– Я очень обрадовалась твоему приглашению. Приятно среди холодной зимы на Востоке окунуться в солнечную Калифорнию, – сказала она. – Марси, я видела Мэта несколько недель назад.

– Да? – голос Марси звучал удивленно.

– Да. Мы встречали Новый год в Бель-Риве. Там просто великолепно! Мы много гуляли по берегу. Было холодно и сыро, но так красиво. Совсем не так, как летом. Потом мы шли домой, и собирались около большого камина. Мне это так нравилось. Кроме того, нам было легче привезти туда мать Пола и Дорин, чем если бы мы все собирались в Вашингтоне. Господи, надо было это видеть, – рассмеялась она. – Гранд-дама миссис Лэттимор, и Дорин.

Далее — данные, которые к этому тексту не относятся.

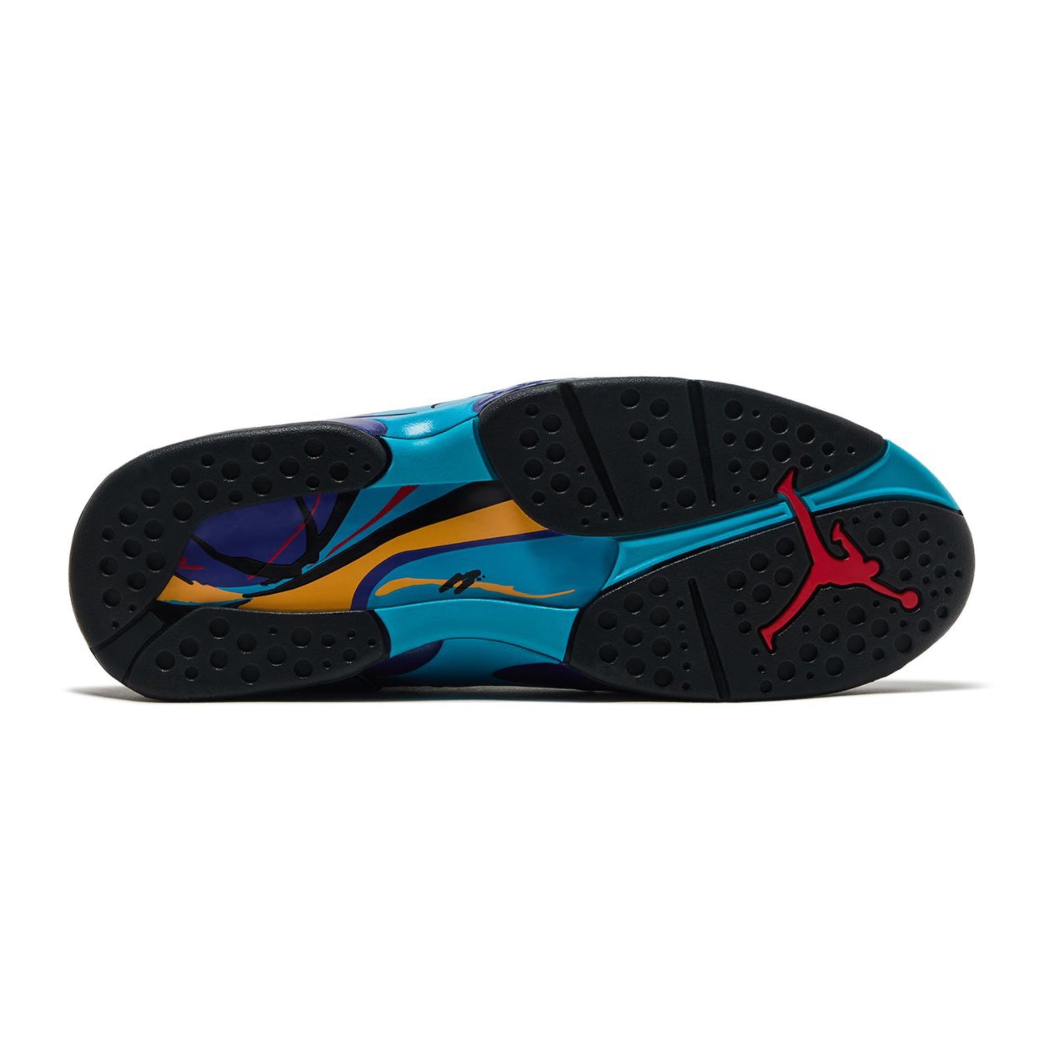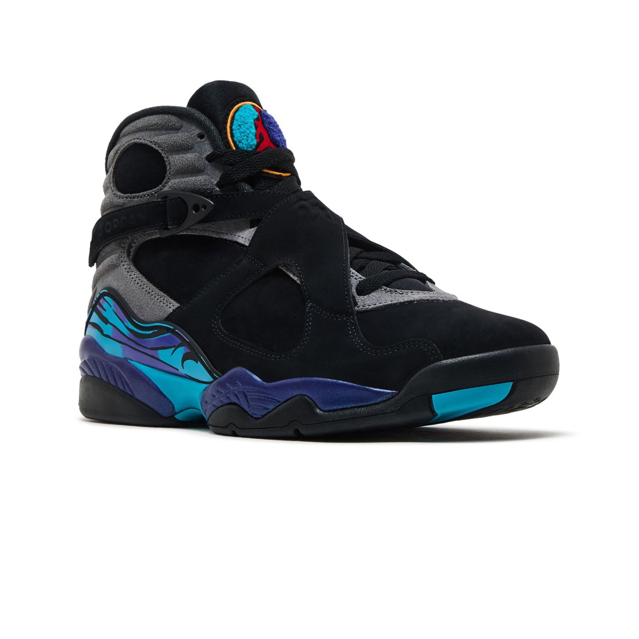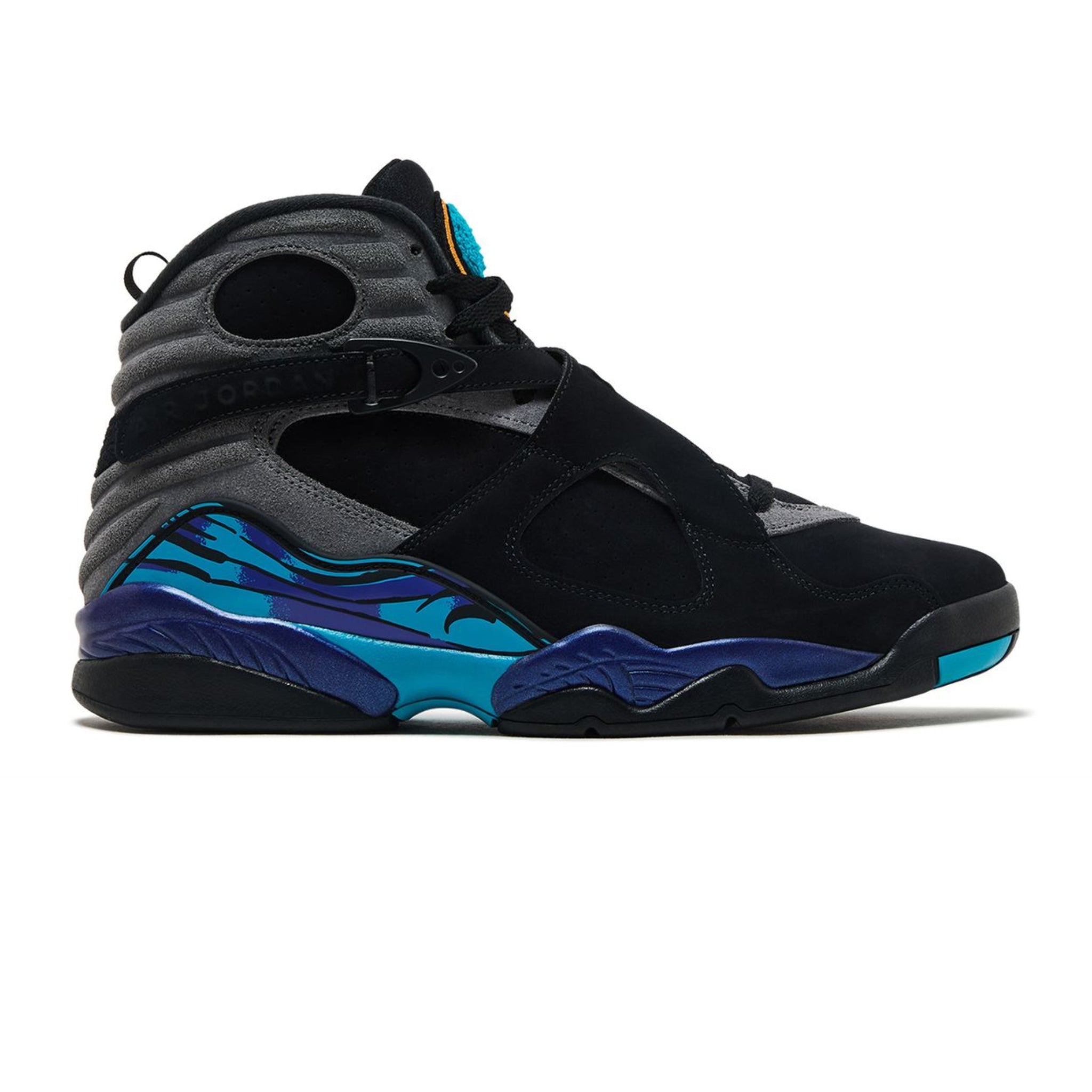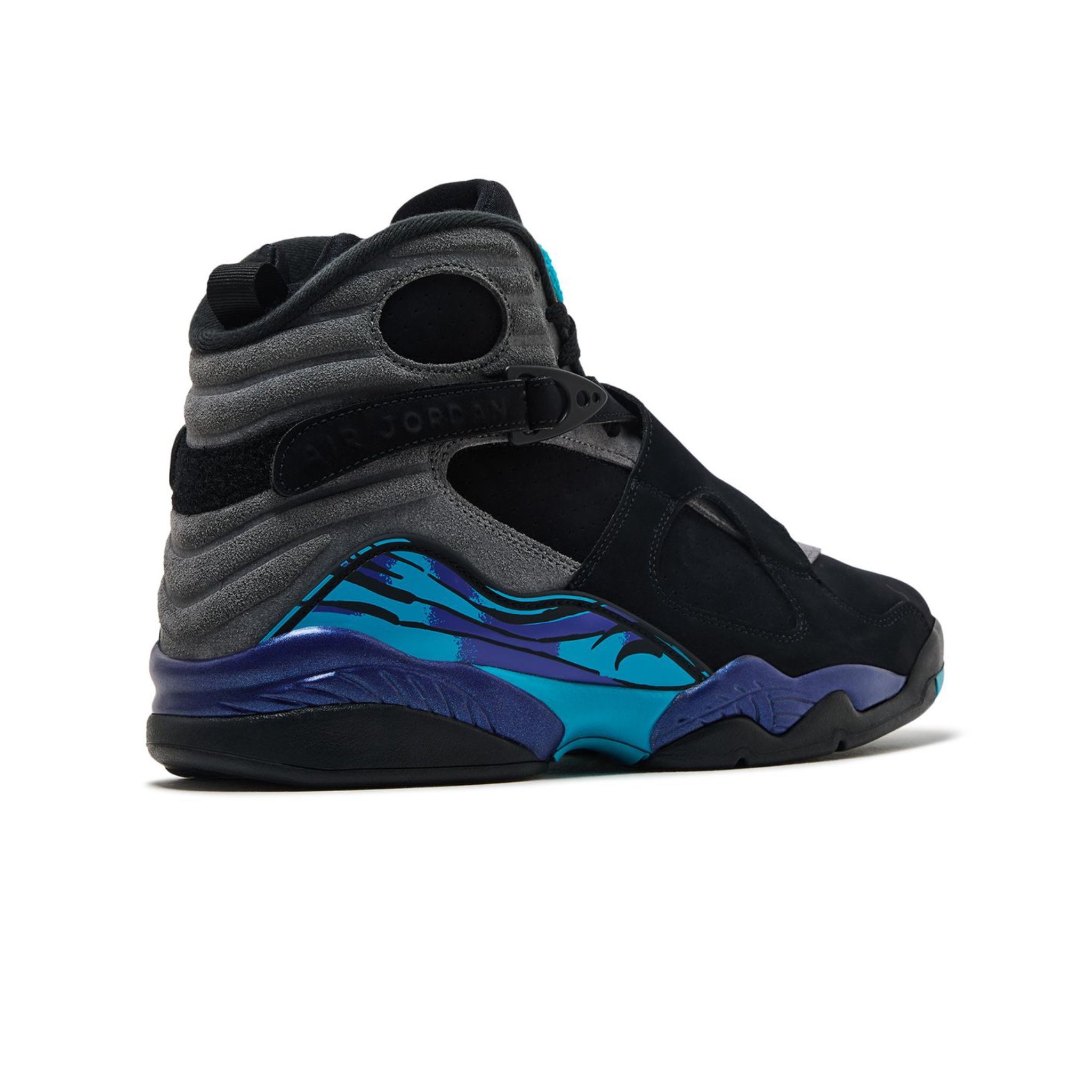 The 2025 version of the Air Jordan 8 Retro 'Aqua' uses teal and purple hues on the foam midsole, which packs Nike Air in the forefoot and heel areas. Loyal to the original 1993 design, these sneakers have a black and grey nubuck upper secured with a unique cross-strap design. The signature multicolor chenille tongue tag is stamped with a red Jumpman logo, and a teal support panel that sports purple brush strokes.

– Они поладили? – рассмеялась Марси.

– Да, в самом деле, поладили. Но все равно, это была смешная сцена. Надо отдать должное миссис Лэттимор. Она держалась довольно хорошо, да и Дорин тоже. Ее не испугали ни миссис Лэттимор, ни Бель-Рив. У нее есть чувство собственного достоинства.

– Ты всегда называешь пожилую леди «миссис Лэттимор»? – спросила Марси, взяв горсть чипсов.

– О, да! – рассмеялась Кэлли. – Только сам Господь Бог может называть ее «Корина», а у меня уже слишком много матерей, чтобы называть ее «мамой».

– Так что, – спросила Марси, – Мэт был в Бель-Риве?

– Нет, нет. Мы поехали с Чарли в Бридж-хэмптон, чтобы купить ему одежду для школы. Остановились пообедать и столкнулись с Мэтом в ресторане.

– Ну и как он? – спросила она.

– По-моему, нормально. Спросил, разговаривала ли я с тобой. Он скучает по тебе. Это совершенно ясно.

– Да, не сомневаюсь, – сказала Марси неожиданно помрачневшим тоном. – Хочешь выпить?

– Нет, спасибо.

– Ты знаешь, он так и не понял, – сказала Марси, открывая маленький холодильник в дальнем конце гостиной. – Он мог только говорить мне, чтобы я успокоилась, если я переживала из-за паршивой рецензии или этих идиотов в студии. Он не понимал, под каким психологическим давлением я нахожусь. – Она вернулась в гостиную и села на диванную подушку около камина. – Ему было достаточно спрятаться в Саг-Харборе и строить дома. Я вообще не знаю, как я могла подумать, что смогу работать…

– Все было очень хорошо некоторое время, – сказала Кэлли.

– Да, но это не могло продлиться долго. Мне вообще не следовало выходить замуж. Писатели не должны иметь семью. Это было глупо…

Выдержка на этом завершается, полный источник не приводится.